Consider a Brownian Motion, $B(t)$, which are all $\mathcal F_t$ measurable. Let $f,f_n$ be in $L_{ad}^2\{[a,b] \times \Omega\}$, which are the set of stochastic processes that are adapted to the filtration $\{\mathcal F_t\}$ and satisfy $\int_a^bE\left(f(t)^2\right)dt < \infty$. Suppose that $\int_a^b|f(t)-f_n(t)|dt\to0$ almost surely. Prove that $\int_a^bf_n(t)dB(t) \to \int_a^bf_n(t)dB(t)$ in probability.
I am trying to show this two different ways. First by using $L^2$ convergence which will then imply convergence in probability.

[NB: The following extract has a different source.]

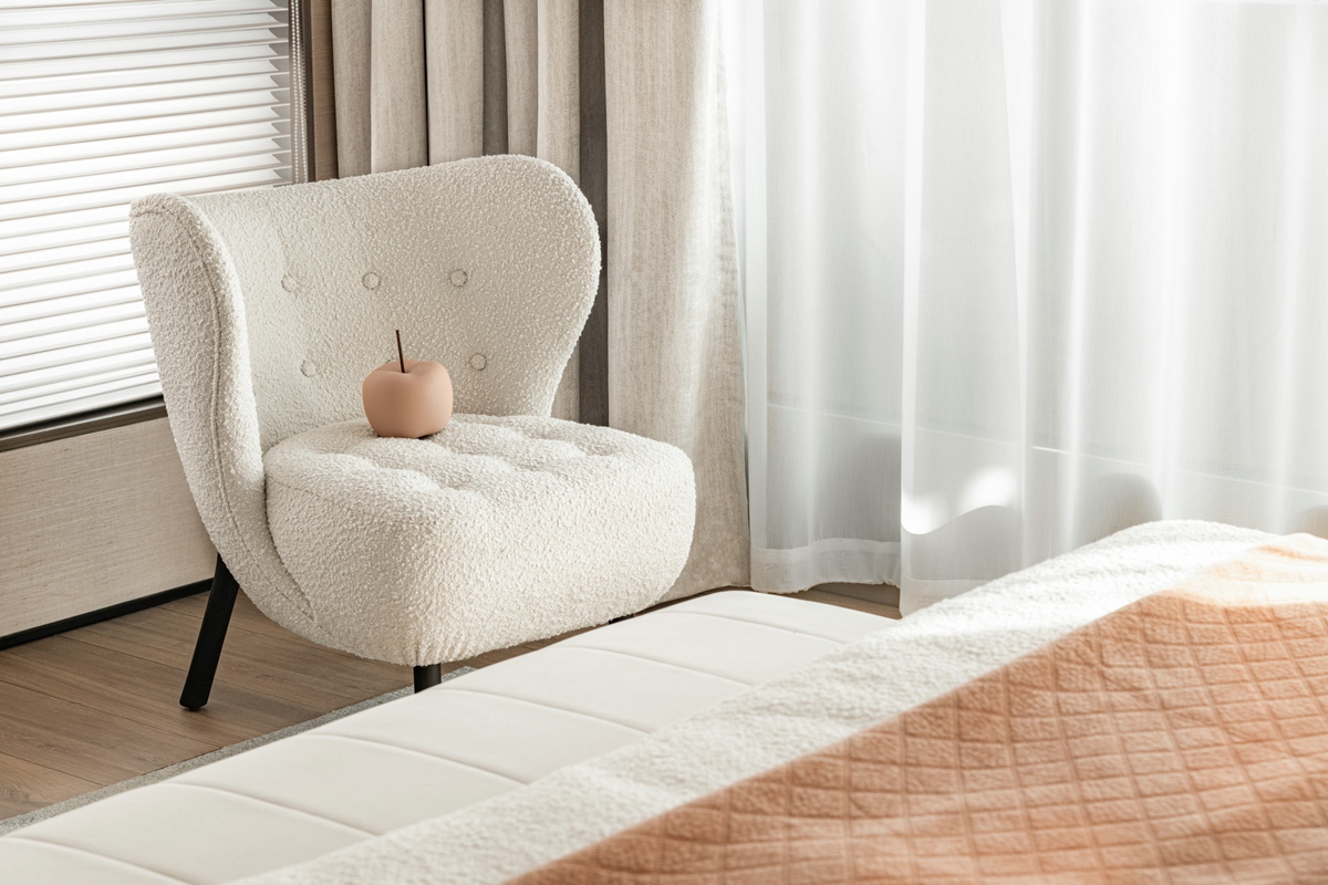 弧形吊顶如被柔化的时光轮廓,将光线温柔地铺陈在空间里。竖纹墙板的秩序感,与墨绿大理石的野性纹理碰撞出戏剧张力;橄榄绿单人椅如艺术雕塑,以大胆色彩打破米白沙发的沉静,而金属底座的玻璃茶几,让奢华感在光影折射中悄然流转——在这里,每一次落座都是与“优雅棱角”的亲密对话。

What I have for this way is the following:
Since $f$ and $f_n$ are in $L_{ad}^2$ then the ito integral $\int_a^bf(t)-f_n(t)dB(t)$ exists and $E\left|\int_a^bf(t)-f_n(t)dB(t)\right|^2=\int_a^bE\left|f(t)-f_n(t)\right|^2dt$, so it will suffice to show that the right hand side of this equal sign converges to $0$ which i'm unsure how to do.
Second, I am try to show this directly using the definition of convergence in probability.
$P\left(\left|\int_a^bf(t)-f_n(t)dB(t)\right|>\epsilon\right)\le\frac{1}{\epsilon}E\left|\int_a^bf(t)-f_n(t)dB(t)\right|$, hence if I could show that $\int_a^bf(t)dB(t) \to \int_a^bf_n(t)dB(t)$ in $L^1$ then I would be done.
Similarly,
$ P\left(\left|\int_a^bf(t)-f_n(t)dB(t)\right|>\epsilon\right)\le\frac{1}{\epsilon^2}E\left|\int_a^bf(t)-f_n(t)dB(t)\right|^2= \frac{1}{\epsilon^2}\int_a^bE\left|f(t)-f_n(t)\right|^2dt$ so if we could show this last term converged to $0$ then we would be done.